The TSDC shall not be expended for costs of the operation or routine maintenance of capital improvements.
D. 
The TSDC capital project list adopted pursuant to Section 3.04.010(E) may be amended from time to time by council resolution. If the rate schedule will be increased by a proposed modification of the TSDC capital project list to include capacity increasing capital improvement cost(s):
1. 
The city shall provide, at least 30 days prior to the adoption of the modification, notice of the proposed modification to the persons who have requested written notice under ORS 223.305(6).
2. 
If the city receives a written request for a hearing on the proposed modification within seven days of the date the proposed modification is scheduled for adoption, the city shall hold a public hearing.
3. 
Notwithstanding ORS 294.160, a public hearing is not required if the city does not receive a written request for a hearing.
4. 
The decision of the city to increase the rate schedule by modifying the list may be judicially reviewed only as provided in ORS 34.010 to 34.100.
(Ord. 528 § 1, 2017)
A. 
A person challenging the propriety of an expenditure of TSDC revenues may appeal the decision or the expenditure to the hearings officer by filing a written request with the department director.

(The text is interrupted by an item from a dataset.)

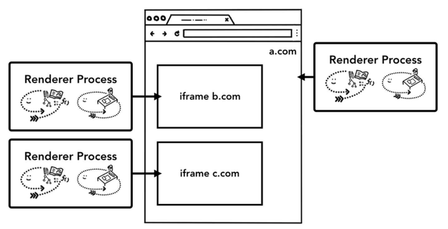 사이트 격리는 단순히 별개의 렌더러 프로세스를 할당하는 것이 아니다. iframe들이 통신하는 방식을 근본부터 변경하는 것이기 때문에 수 년간의 공학적 노력이 필요했다고 한다.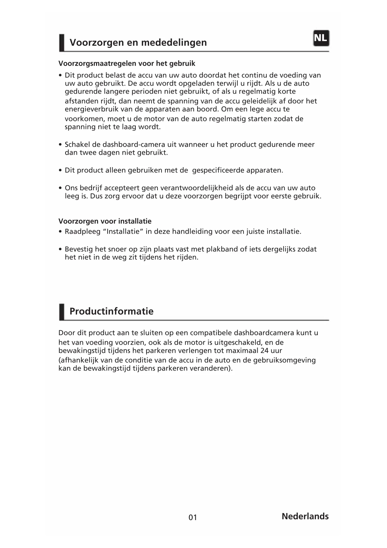 Voorzorgsmaatregelen voor het gebruik Voorzorgen voor installatie Productinformatie Door dit product aan te sluiten op een compatibele dashboardcamera kunt u het van voeding voorzien, ook als de motor is uitgeschakeld, en de bewakingstijd tijdens het parkeren verlengen tot maximaal 24 uur (afhankelijk van de conditie van de accu in de auto en de gebruiksomgeving kan de bewakingstijd tijdens parkeren veranderen).

An appeal of an expenditure must be filed within two years of the date of the alleged improper expenditure.
1. 
After providing notice to the appellant, the hearings officer shall determine whether the expenditure is in accordance with this ordinance and the provisions of ORS 223.297 to 223.214. If the hearings officer determines that there has been an improper expenditure of TSDC revenues, the hearings officer shall direct that a sum equal to the misspent amount shall be deposited within one year to the credit of the account or fund from which it was spent.
B. 
Appeals of any other decision required or permitted to be made by the department under this chapter must be filed with the hearings officer by filing a written request and paying the appeals fee with the department within 14 days of the department's decision, or payment of the assessment, whichever comes first.
1. 
After providing notice to the appellant, the hearings officer shall determine whether the department's decision is in accordance with this ordinance and the provisions of ORS 223.297 to 223.214 and may affirm, modify, or overrule the decisions.
2. 
The fee for formally appealing a decision to the hearings officer will be set by resolution.
C. 
The decision of the hearings officer shall be reviewable solely under ORS 34.010 through 34.100. The person who has appealed a decision shall be notified of this right to review of the decision.
D. 
A legal action challenging the methodology adopted by the council pursuant to Section 3.04.010(E) shall not be filed later than 60 days after adoption. A person may contest the methodology used for calculating a TSDC only as provided in ORS 34.010 to ORS 34.100, and not otherwise.
(Ord. 528 § 1, 2017)
Prior to January 1 of each year, the city shall provide an annual accounting for the activity occurring in the dedicated fund created by Section 3.04.070 for the previous fiscal year. The accounting shall show the total amount of TSDC's collected, the amount spent on each project that was funded in whole or in part in that fiscal year, and the amount attributed to the costs of complying with the provisions of ORS 223.297 to 223.314.